WHAT IS EXPECTED:
Using the data below, reproduce exactly the lines from the line with "Ausdrückliches Lob gab" to the line with "在完成最新一次身价更新后,德", both included; pictures must be dropped.

START DATA LISTING

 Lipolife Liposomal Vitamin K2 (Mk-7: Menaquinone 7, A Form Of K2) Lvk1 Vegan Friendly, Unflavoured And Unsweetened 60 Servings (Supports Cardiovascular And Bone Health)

END DATA LISTING
START DATA LISTING

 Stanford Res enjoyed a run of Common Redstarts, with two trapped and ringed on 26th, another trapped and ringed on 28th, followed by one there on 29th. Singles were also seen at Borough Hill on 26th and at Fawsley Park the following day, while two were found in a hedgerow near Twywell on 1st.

END DATA LISTING
START DATA LISTING

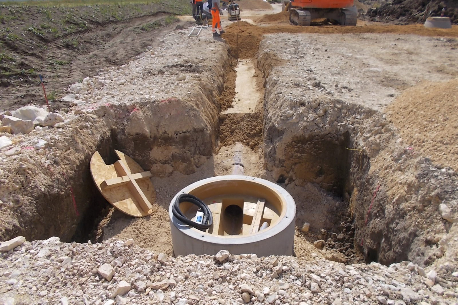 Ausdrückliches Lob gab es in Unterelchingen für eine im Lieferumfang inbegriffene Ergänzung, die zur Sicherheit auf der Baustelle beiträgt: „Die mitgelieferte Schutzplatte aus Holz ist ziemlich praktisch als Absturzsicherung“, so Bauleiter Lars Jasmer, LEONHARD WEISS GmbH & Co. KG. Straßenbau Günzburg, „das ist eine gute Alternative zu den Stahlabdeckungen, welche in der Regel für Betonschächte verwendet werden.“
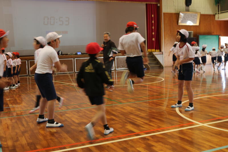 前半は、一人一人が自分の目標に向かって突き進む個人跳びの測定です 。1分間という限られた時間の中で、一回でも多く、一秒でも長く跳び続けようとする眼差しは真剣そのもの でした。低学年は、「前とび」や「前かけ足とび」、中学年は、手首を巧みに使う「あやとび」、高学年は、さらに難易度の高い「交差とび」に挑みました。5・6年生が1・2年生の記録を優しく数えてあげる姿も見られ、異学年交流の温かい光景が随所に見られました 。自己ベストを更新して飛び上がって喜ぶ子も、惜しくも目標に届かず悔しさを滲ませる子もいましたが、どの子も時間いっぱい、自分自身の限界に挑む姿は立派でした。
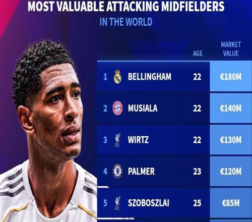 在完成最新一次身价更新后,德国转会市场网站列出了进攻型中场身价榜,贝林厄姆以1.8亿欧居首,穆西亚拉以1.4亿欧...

END DATA LISTING

EXERCISE RESPONSE:
 Ausdrückliches Lob gab es in Unterelchingen für eine im Lieferumfang inbegriffene Ergänzung, die zur Sicherheit auf der Baustelle beiträgt: „Die mitgelieferte Schutzplatte aus Holz ist ziemlich praktisch als Absturzsicherung“, so Bauleiter Lars Jasmer, LEONHARD WEISS GmbH & Co. KG. Straßenbau Günzburg, „das ist eine gute Alternative zu den Stahlabdeckungen, welche in der Regel für Betonschächte verwendet werden.“
 前半は、一人一人が自分の目標に向かって突き進む個人跳びの測定です 。1分間という限られた時間の中で、一回でも多く、一秒でも長く跳び続けようとする眼差しは真剣そのもの でした。低学年は、「前とび」や「前かけ足とび」、中学年は、手首を巧みに使う「あやとび」、高学年は、さらに難易度の高い「交差とび」に挑みました。5・6年生が1・2年生の記録を優しく数えてあげる姿も見られ、異学年交流の温かい光景が随所に見られました 。自己ベストを更新して飛び上がって喜ぶ子も、惜しくも目標に届かず悔しさを滲ませる子もいましたが、どの子も時間いっぱい、自分自身の限界に挑む姿は立派でした。
 在完成最新一次身价更新后,德国转会市场网站列出了进攻型中场身价榜,贝林厄姆以1.8亿欧居首,穆西亚拉以1.4亿欧...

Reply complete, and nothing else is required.